Gilg family of Holt County establishes UNMC professorship

Photo caption: From left, Msgr. James Gilg, son of Clarence and Nelle Gilg; Dr. Gerry Christensen, husband of Mary Clare Haven; Haven, daughter of Clarence and Nelle Gilg; Karen Honeycutt, inaugural Gilg Professor; Dr. Kyle Meyer, dean of the UNMC College of Allied Health Professions.

A professorship at the University of Nebraska Medical Center has been named for lifelong Holt County residents Clarence and Nelle Gilg.

UNMC’s College of Allied Health Professions has named Karen Honeycutt, associate professor and program director of medical laboratory science education, the inaugural Clarence and Nelle Gilg Professor for Teaching Excellence and Innovation in Allied Health.

The professorship was endowed jointly by a fundraising effort led by Mary Clare Haven, the Gilgs’ daughter and former associate dean of allied health at UNMC, and by the Charles R. O’Malley Charitable Trust.

The Gilgs were both children of immigrants, who had seen hard times on the Sandhills prairie, but whose work produced “sculptured hay stacks, healthy cattle, bountiful gardens and beautiful flowers,” Haven said.

She said her father, “never touched a tractor he couldn’t fix, a windmill he couldn’t climb, a child he couldn’t soothe or a geometry problem he couldn’t solve.” Her mother, “never met a 4-H club she couldn’t lead or feed, a cellar she couldn’t fill with canned goods, a story she couldn’t write or a student to whom she couldn’t teach the 3Rs.”

Clarence and Nelle Gilg delayed indoor plumbing in order to pay for college tuition, Haven said, and the family produced five college graduates.

Clarence and Nelle in 2003 died in their nineties, two weeks apart.

Haven said the endowed professorship honors “my parents and the parents of those who contributed to this professorship.”

Kyle Meyer, Ph.D., dean of the College of Allied Health Professions, said Honeycutt was an ideal choice for the post.

“Karen is the quintessential innovator,” Dr.
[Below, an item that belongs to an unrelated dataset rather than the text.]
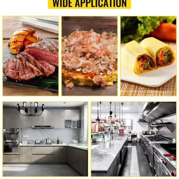 – Tillräcklig matlagningsyta: Denna kommersiella elektriska stekpanna har en kraftig kokplatta i gjutjärn med en stor kokyta och en tjocklek på 0,3 tum (8 mm). Den helt plana ytan värms jämnt för konsekventa tillagningsresultat, vilket gör den perfekt för en mängd olika livsmedel.

Meyer said. “She has literally changed the way medical laboratory science students are educated throughout the region. 

The UNMC College of Allied Health Professions is home to 11 health professions programs with a total enrollment of approximately 500 students, and has recently expanded to offer several of its programs at the Health Science Education Complex on the University of Nebraska-Kearney campus.